1989 Data sharing at CERN
The idea of a computer networking spanning the globe had appeared in science fiction for decades. But it was frustrations at CERN over sharing data that saw Tim Berners Lee, in 1989, turn his attention to sharing data from a multitude of different systems.
Whilst formulating this new system it quickly became apparent just how far reaching the idea could be. From scientific circles to the spread to other academic disciplines and then (eventually) into the home.

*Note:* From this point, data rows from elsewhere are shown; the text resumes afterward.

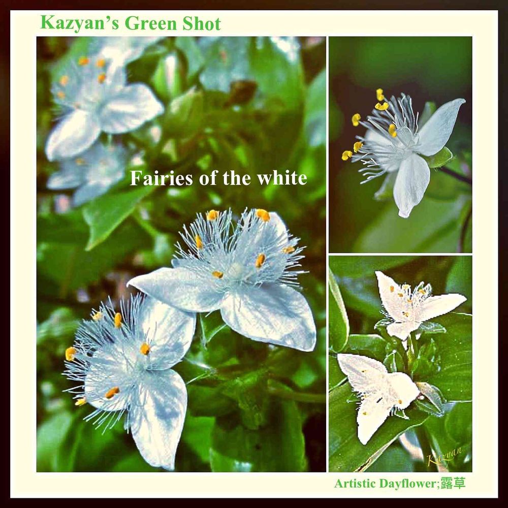 白い露草は、露草の中では最も清雅な花ですが、とても可愛らしい白い衣装をつけたフェアリー:妖精たちが集って仲良くバレーダンスを踊っているかのように映えて観えます(╹◡╹)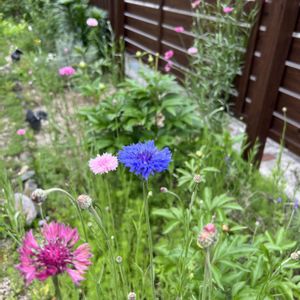 こぼれだねからのヤグルマギクが咲きました 今年は色とりどり 昨日までと違って、14、5℃しかないため肌寒い一日になりました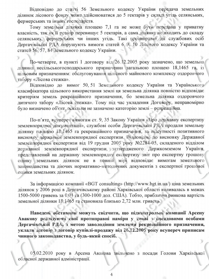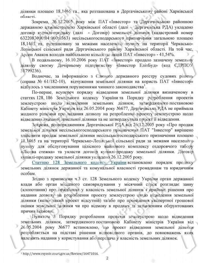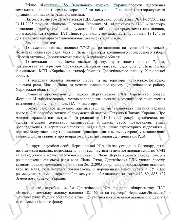 Согласно тексту обращения "Центра противодействия коррупции", в 2005 году ПАТ "Инвестор" и Дергачевская райадминистрация заключили договор купли-продажи земельного участка площадью 18,14 га, размещенному за пределами населенного пункта на территории Черкасско-Лозовского сельсовета. На самом деле, участок состоял из трех земельных наделов, на террит ории одного из которых находился детский лагерь, второй был отнесен к землям лесного фонда, а третий принадлежал Черкаско-Лозовскому сельсовету и не мог быть отчужден райадминистрацией.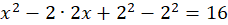 Zapisz 4 jako iloczyn 2 i 2, dodaj i odejmij

1991 Welcome to the World Wide Web
Over the next few years the main technologies of the World Wide Web were developed along with the first browser, also called the World Wide Web and the idea was shown to the world, Tim Berners Lee described it in 1991:
The WWW project was started to allow high energy physicists to share data, news, and documentation. We are very interested in spreading the web to other areas, and having gateway servers for other data.
1992 The first browsers
New browsers appeared to serve the growing web pages, some of the early releases were the Line Mode Browser (1992), Viola WWW Browser (1992) and Mosaic Browser (1993). It was in 1995 that we first saw the release of Microsoft’s Internet Explorer and its main rival, Netscape Navigator.

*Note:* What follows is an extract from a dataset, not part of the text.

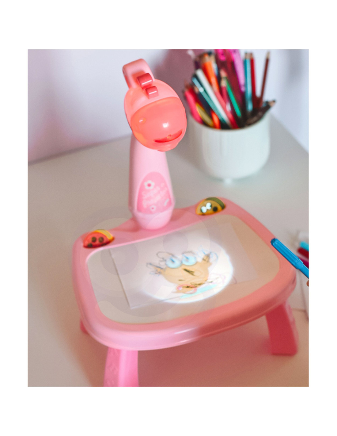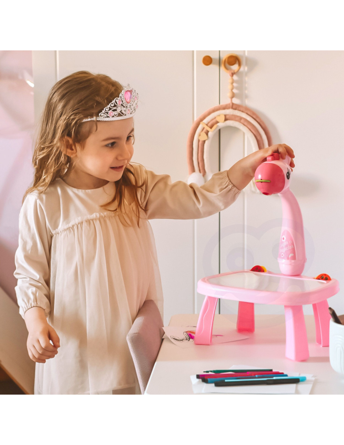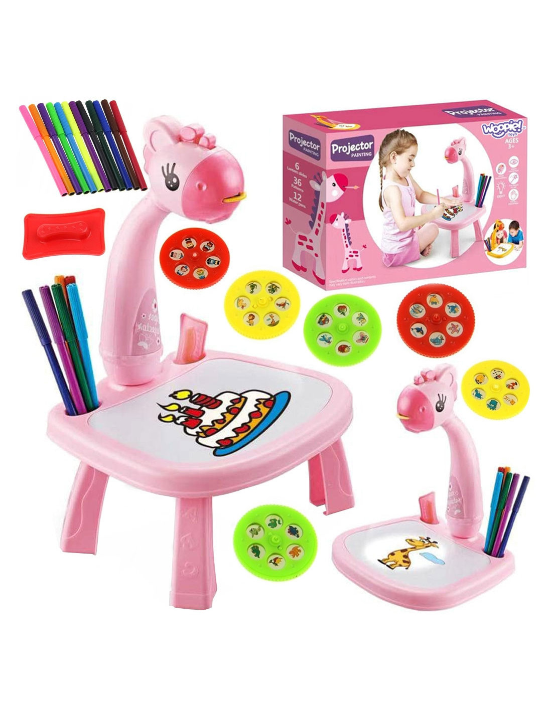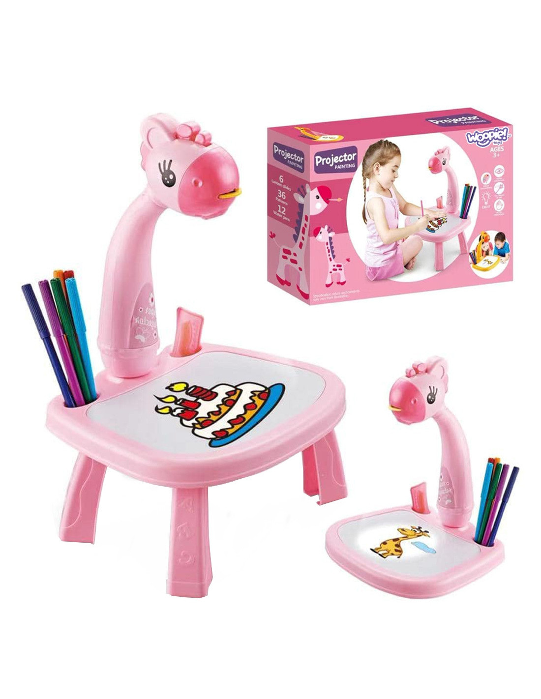 Spark your child's imagination with the adorable Woopie Drawing Projector! This colorful and interactive giraffe-shaped table features a projector and a built-in dry-erase board. The table displays colorful images, and children trace them on a piece of paper or a board. The lightweight design, fairy-tale look, and included markers and patterns make drawing a favorite activity for every child.

1995 Incorporating CSS and Javascript
Building upon the steady growth, 1995 saw the first signs of CSS and JavaScript, helping to evolve web pages from static documents to the start of the rich media experience we have grown so accustomed to today.
1995 The dot com boom
The dot com boom from 1995-2000 saw millions made (and subsequently lost) as investors poured money into unstable start ups in the hopes of huge returns, of course those investors that backed the likes of Google, Amazon and eBay are pretty happy with their decision.
2002 Social media
2002 saw the launch of some social networks you may remember, MySpace, Friendster and everyone’s favourite; LinkedIn. This social media emergence mirrored the increasing ubiquity of internet access in the home. Have you heard of Facebook? That launched just after in 2004.
2007 The web goes mobile
Some early attempts to put the internet on your phone gave us WAP sites but it was 2007’s launch of the iPhone which truly made the web mobile. It was this innovation that slowly made the responsive web site the only sensible approach to designing web pages.
2019 30 years and still evolving
The open nature of the world wide web means innovation happens at a rapid pace and frequent conversations regarding net neutrality will continue for some time. Will we be browsing the web with VR headsets on in a few years? Will our World Wide Web need to reach out to other planets? We shall see!
Did anyone really invent the internet?
In 1969 remote computers first communicated directly for the first time. In 1983 networking standards (TCP/IP) were first adopted.
In 1989, British computer scientist, Tim Berners-Lee laid out a proposal which detailed the networking principles of a world wide web (such as HTML, URL, and HTTP) that - at the time - were described by his boss as "vague but exciting"!
March 2019 marks the 30th anniversary of that last milestone and is widely regarded as the birth of the "internet" as we know it today.